To me it feels like I'm just getting way less miles per gallon out of my energy, and at a certain point I have to tap into "emergency reserves", which corresponds to that "push of adrenaline" feeling that so many describe. The battery starts out charged, but everything seems more costly for me than it did before I got sick. That felt to be the biggest difference when I tried my malic acid--it was like for the first time I was getting proper mileage, and things were "costing" the amount of energy that they actually should

[Edit: actually one of the most consistent findings for me was that I could get much more "mileage" by eating a high fat high calorie meal before activity. There's something about fat being a preferred fuel source, at least for me]

 

[Simon M]

These are just 4 examples of promising work that still needs to be replicated in larger sample sizes and by independant groups.

I think that's the key point: we need replication.

These are all interesting findings. But there are hundreds, if not thousands, of interesting findings out there. Almost none of them have been replicated, so we can't rely on them.

What we need are more independent replications, like this one. If something replicates, that's great. If not, I don't think we can rely it.

Until we have replication, the findings are interesting and promising. But we need more.

Hopefully, DecodeME results will provide some solid findings. That has the advantage of being a very thorough and rigourous study. But ultimately, any findings it makes also need to be replicated.

 

[Hoopoe]

I know that it feels like 'energy failure' and a whole culture has grown up around that, but I am not alone in my view. When I talked to mitochondrial or muscle experts who have wide experience and then encounter ME/CFS they say exactly the same.

An alternative to energy failure might be:

I feel exhausted and doing activity becomes uncomfortable due a specific sensation that is very hard to overcome for long. That sensation feels like I'm causing or risk causing harm to myself if I continue. It is effective at limiting activity.

This sort of description is probably how the CBT/GET people decided that the problem was fear-avoidance.

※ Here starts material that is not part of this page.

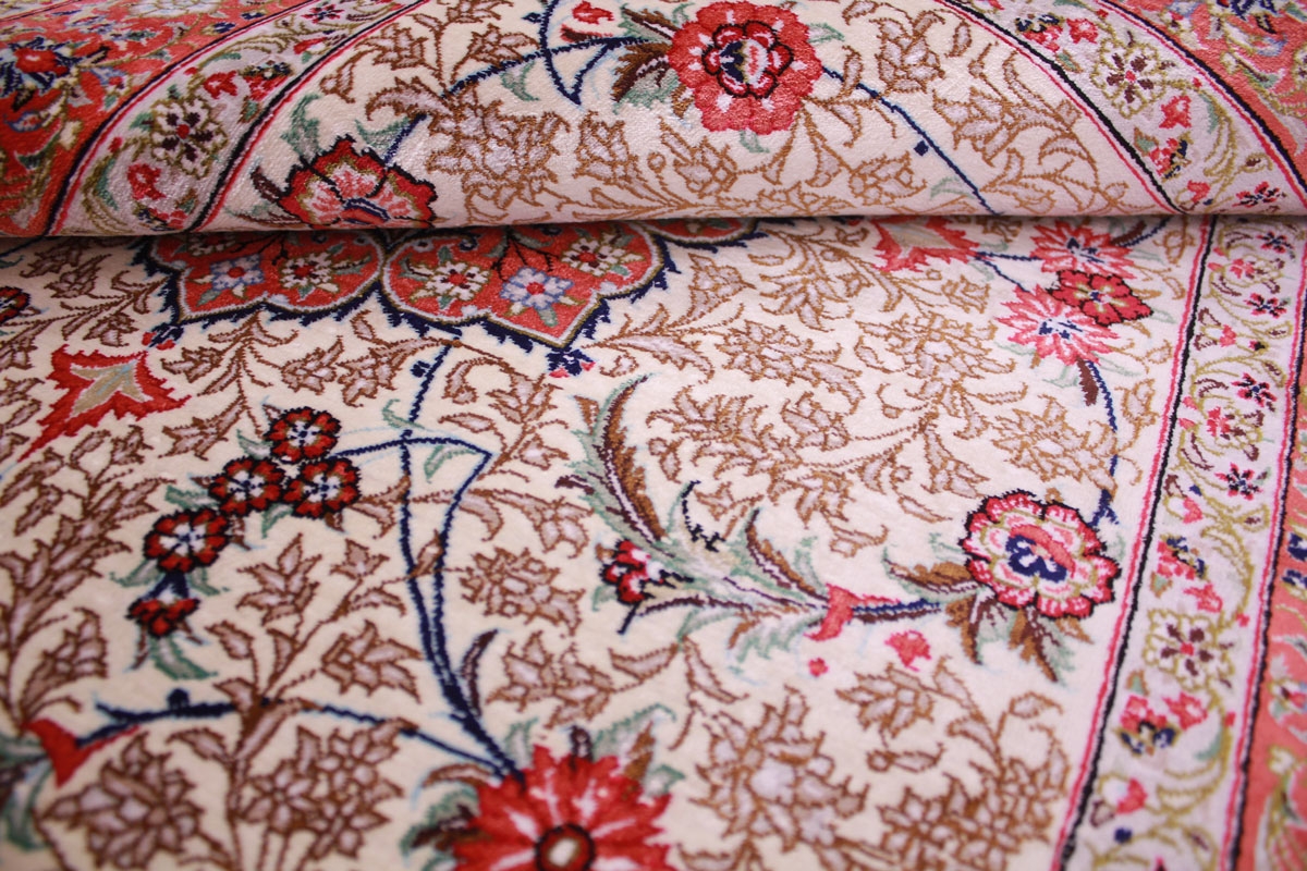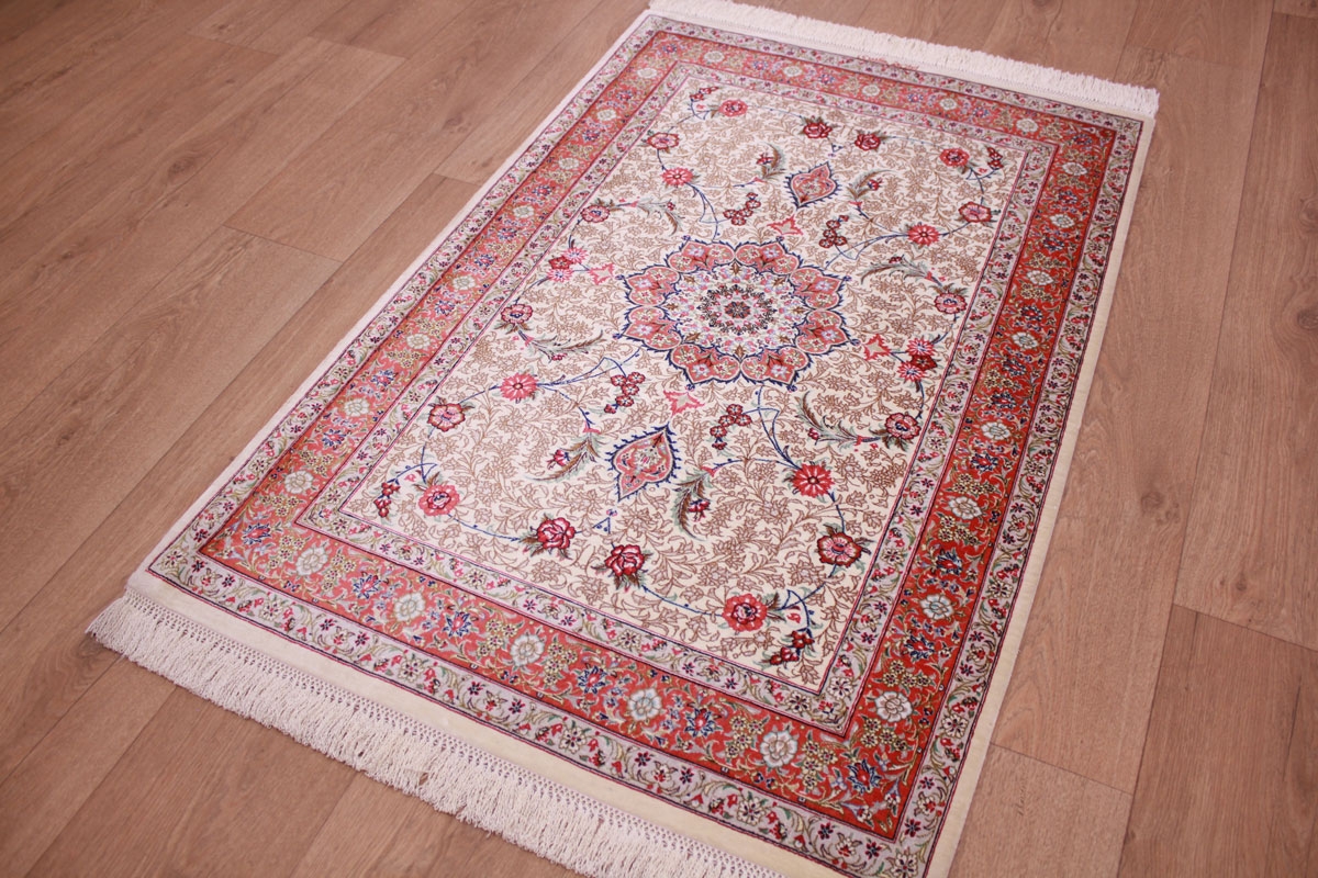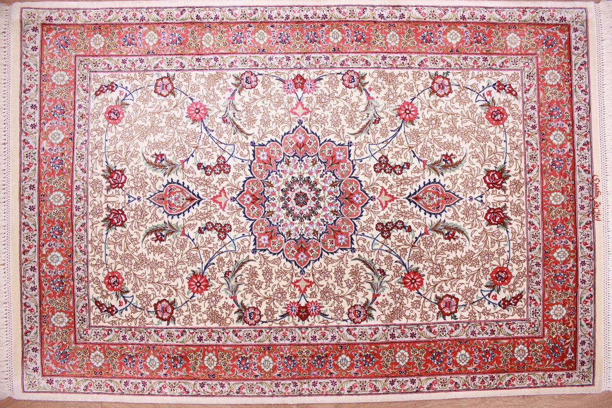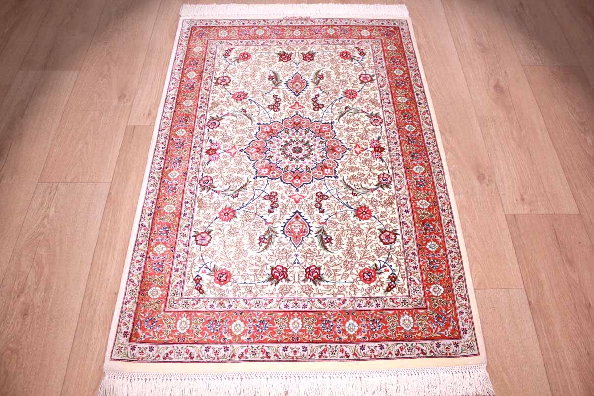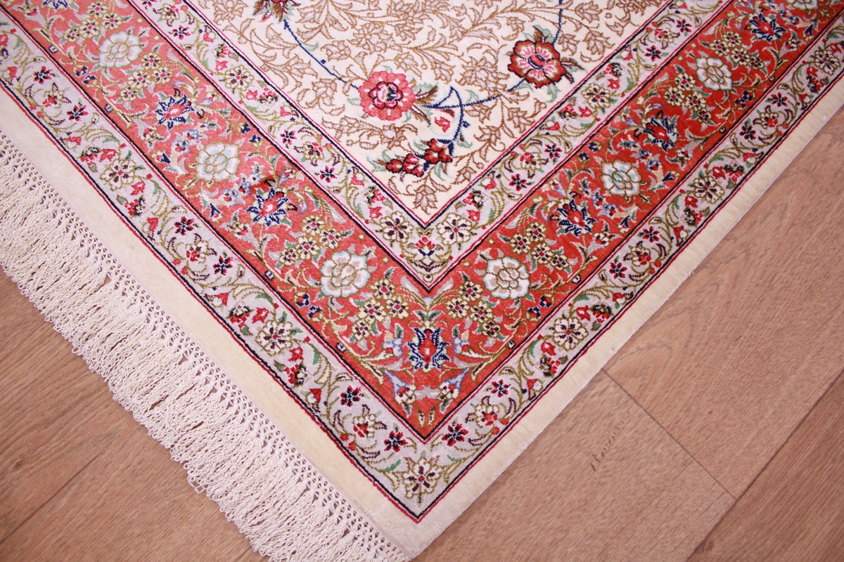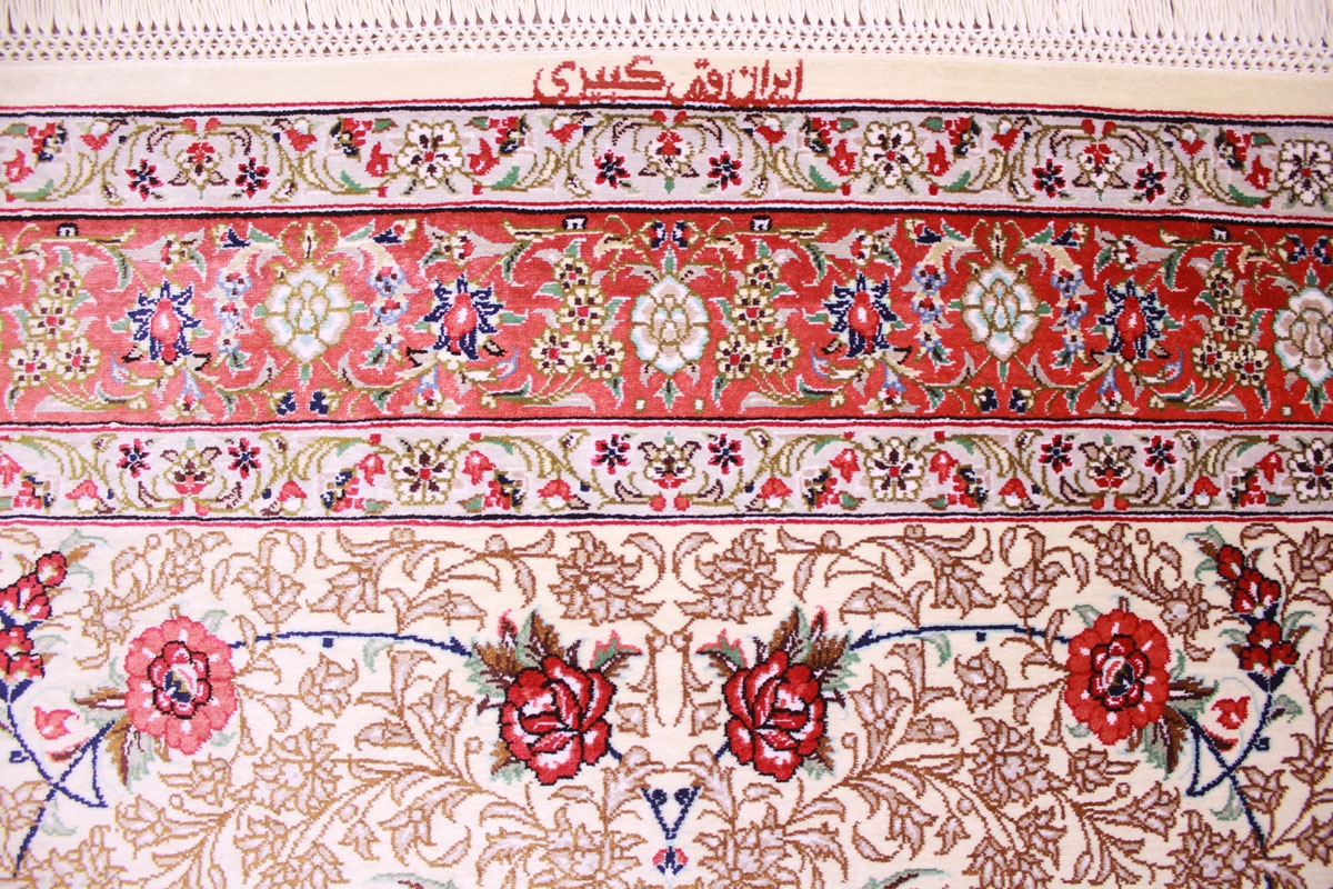 Perser Teppich Ghom Seidenteppich "Kabiri" 118x80 cm Beige

But this is not a fear or anxiety. It's a physical sensation, not the emotion of panic, worry that something might happen. I suspect we patients are all used to ignoring this sensation as much we can.

 

[TamaraRC]

Sad that that this paper couldn't find the same result of 'something in the blood' but good that they checked anyway.

Not at all sad, I would say. It is part of making sense of things - some of which were not making a lot of sense previously.

Since this study used serum rather than plasma, could it be that certain factors potentially involved in earlier ‘something in the blood’ findings were lost or altered during clotting? I’m wondering if a plasma-based assay might still reveal effects that serum can’t capture.

 

[Jonathan Edwards]

I’m wondering if a plasma-based assay might still reveal effects that serum can’t capture.

It is conceivable but it is has never seemed very likely to me that the assays that claimed to find 'something in the blood' were telling us anything reliable or useful. There may well be something in ME/CFS blood involved in generating symptoms but I think it highly unlikely that that would be through altering muscle cell metabolism.

 

[wigglethemouse]

I’m wondering if a plasma-based assay might still reveal effects that serum can’t capture.

Comment on previous work on muscle cells + plasma at Oxford. They felt complement in plasma had a masking effect.

 

[Jonathan Edwards]

I was not aware that complement was lost when plasma is converted to serum. Maybe it is but I am a bit surprised if so.